Не вскочили, не жали рук наперебой. Чхеидзе довольно сухо поздоровался с ним, указал на стул садиться.
Встал и Церетели поздороваться. Красивые заволокнутые глаза. Но мнит себя — главным вождём революции? смех. Да если на него пойти прямо, твёрдо — он не выдержит, посторонится.
Шло заседание, очень вялое. Разложены бумаги. Власть бумаг. Разве так с ними расправляться! Да, кажется, многие не выспались из-за министерской торговли, а тут как раз надо обсуждать, что же практически меняется в положении Исполкома при коалиции.
Ни-сколько не были сотрясены его приходом. (И даже не расспрашивали о Галифаксе.)
Они — ещё ничего не поняли.
Поражала скучная обыденность обстановки, лиц, движений, голосов.
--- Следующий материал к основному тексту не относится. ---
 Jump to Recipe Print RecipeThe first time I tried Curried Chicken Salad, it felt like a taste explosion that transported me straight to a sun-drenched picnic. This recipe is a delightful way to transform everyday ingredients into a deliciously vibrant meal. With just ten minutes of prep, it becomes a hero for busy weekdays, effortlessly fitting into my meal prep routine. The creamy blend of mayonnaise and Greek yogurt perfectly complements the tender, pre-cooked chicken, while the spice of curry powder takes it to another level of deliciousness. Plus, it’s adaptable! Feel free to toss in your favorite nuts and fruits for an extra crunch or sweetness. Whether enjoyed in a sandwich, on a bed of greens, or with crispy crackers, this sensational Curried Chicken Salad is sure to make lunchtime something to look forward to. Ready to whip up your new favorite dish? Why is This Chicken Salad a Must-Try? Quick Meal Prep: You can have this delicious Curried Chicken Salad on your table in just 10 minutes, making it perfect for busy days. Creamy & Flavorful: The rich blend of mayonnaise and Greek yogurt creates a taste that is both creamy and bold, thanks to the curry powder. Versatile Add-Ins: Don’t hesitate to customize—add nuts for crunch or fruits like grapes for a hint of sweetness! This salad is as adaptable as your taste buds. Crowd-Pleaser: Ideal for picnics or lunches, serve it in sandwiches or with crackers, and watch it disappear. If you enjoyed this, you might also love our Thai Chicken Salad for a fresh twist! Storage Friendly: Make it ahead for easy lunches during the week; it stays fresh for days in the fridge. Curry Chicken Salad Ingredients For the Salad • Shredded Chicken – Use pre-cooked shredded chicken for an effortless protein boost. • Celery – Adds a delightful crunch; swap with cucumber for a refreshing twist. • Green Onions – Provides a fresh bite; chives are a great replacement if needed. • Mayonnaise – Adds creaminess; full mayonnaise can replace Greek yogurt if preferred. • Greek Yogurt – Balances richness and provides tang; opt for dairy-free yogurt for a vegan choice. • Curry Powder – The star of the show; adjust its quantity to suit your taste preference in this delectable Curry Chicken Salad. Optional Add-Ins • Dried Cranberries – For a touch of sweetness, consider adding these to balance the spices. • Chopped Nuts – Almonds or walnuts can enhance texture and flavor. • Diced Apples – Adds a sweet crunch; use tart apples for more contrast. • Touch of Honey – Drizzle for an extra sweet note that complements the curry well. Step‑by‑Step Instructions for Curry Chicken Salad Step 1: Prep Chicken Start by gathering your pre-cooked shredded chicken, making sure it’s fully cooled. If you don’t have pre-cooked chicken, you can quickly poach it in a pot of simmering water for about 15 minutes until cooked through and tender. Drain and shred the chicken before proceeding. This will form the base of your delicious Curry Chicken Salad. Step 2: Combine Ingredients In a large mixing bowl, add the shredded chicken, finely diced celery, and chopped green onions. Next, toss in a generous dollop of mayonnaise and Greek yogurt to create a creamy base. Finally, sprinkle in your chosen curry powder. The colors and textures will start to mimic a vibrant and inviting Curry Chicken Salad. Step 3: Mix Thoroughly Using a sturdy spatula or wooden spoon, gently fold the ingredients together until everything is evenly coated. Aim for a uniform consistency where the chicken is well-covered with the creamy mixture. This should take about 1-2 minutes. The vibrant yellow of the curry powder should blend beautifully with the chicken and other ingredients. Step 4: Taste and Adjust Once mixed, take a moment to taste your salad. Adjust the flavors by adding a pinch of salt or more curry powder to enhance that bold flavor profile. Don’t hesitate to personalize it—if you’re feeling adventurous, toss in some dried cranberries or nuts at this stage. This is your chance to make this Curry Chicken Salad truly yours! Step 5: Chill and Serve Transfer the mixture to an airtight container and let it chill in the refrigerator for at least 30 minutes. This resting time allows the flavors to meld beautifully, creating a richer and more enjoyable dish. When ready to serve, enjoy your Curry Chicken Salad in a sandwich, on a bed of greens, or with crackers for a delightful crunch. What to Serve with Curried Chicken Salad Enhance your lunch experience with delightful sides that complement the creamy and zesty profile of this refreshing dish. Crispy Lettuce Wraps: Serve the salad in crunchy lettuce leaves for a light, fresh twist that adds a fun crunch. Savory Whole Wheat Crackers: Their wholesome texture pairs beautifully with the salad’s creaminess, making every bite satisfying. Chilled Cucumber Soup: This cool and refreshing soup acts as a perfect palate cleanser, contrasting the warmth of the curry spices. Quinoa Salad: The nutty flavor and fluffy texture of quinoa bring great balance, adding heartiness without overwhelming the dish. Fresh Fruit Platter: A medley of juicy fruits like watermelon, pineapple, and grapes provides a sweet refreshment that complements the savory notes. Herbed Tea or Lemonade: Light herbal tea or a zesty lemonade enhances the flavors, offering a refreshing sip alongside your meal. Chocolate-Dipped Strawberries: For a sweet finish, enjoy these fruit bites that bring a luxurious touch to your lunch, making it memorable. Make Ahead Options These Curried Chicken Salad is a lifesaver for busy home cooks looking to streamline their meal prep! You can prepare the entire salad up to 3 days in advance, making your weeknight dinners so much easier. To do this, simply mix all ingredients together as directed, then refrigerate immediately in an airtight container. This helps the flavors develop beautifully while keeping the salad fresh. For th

Всё-таки когда шёл сюда, думал: ведь штаб Великой Революции! Впервые в истории реальная власть над страной у социалистов. Может быть они тут оживели, выросли, несут в себе это горящее сознание? Понимайте же, с какой осанкой надо говорить и двигаться: на вас смотрят Века!
Нич-чего похожего...
Неподалёку сидел Каменев, зять, прислал милую записку: очень рад приезду, сейчас предложит включить его в ИК.
Троцкий смотрел по лицам. Гоца — видел впервые.
Скобелев издали глупо улыбался. Потом подсел: что думает Лев Давыдыч, что вот — он стал министром?
Не ответил ему резко, может ещё придётся использовать его.
Мрачно сидел грузный Стеклов. (Может, пригодится в союзники?)
В перерыве подошёл суетливо-радостный Кротовский — и сразу звал вступать в межрайонцы.
Межрайонцы? Может и подошли бы, направление у них неплохое. Но чисто-петроградская партия, за пределами города её не знают.
С этим ласково поговорил. Обдумаем.
Шушукались в перерыве — и потом проголосовали: дать товарищу Троцкому в ИК совещательный голос.
Всего-то? Пигмеи.
О-поз-дал.
Если вспомнить, как они обнимаются с Тома — предателем французского рабочего класса, Троцкий громил его ещё в Париже. А теперь, безусловно, будут нянчиться с Вандервельде — блеклым компилятором, только потому председателем Интернационала, что нельзя было выбрать ни немца, ни француза, — убогие! Разве они способны понять, что революция наша — совсем не узко-российская, что она — уже как дальний гром накатывает в высоте, вот-вот перекинется и на Германию, и на Австро-Венгрию — и на всю Европу?
И что без европейской революции — немыслим и прочный успех нашей.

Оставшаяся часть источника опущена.